**Work to be completed:** Only these lines of the data below are wanted: the one with "Verder heeft de", the one with "PATCHES & GLITZER-DETAILS", and any lines between them, each repeated exactly.

**Data in this exercise:**
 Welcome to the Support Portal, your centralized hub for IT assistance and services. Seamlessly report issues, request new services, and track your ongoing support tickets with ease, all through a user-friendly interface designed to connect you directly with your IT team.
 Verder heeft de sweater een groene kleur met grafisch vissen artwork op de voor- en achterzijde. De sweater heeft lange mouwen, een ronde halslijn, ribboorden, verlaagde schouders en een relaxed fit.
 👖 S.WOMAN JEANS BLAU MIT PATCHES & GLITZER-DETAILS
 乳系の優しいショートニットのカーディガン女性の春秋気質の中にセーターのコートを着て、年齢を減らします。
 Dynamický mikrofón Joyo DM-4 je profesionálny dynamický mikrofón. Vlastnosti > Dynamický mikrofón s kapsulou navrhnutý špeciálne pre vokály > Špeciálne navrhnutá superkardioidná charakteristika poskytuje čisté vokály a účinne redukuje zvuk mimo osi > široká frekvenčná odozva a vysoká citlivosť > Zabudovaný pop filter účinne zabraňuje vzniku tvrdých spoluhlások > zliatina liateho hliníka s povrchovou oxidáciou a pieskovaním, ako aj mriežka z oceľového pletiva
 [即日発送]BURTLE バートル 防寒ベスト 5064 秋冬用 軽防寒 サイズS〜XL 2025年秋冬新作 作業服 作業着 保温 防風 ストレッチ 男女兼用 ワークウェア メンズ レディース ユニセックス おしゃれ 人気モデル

**Expected output:**
 Verder heeft de sweater een groene kleur met grafisch vissen artwork op de voor- en achterzijde. De sweater heeft lange mouwen, een ronde halslijn, ribboorden, verlaagde schouders en een relaxed fit.
 👖 S.WOMAN JEANS BLAU MIT PATCHES & GLITZER-DETAILS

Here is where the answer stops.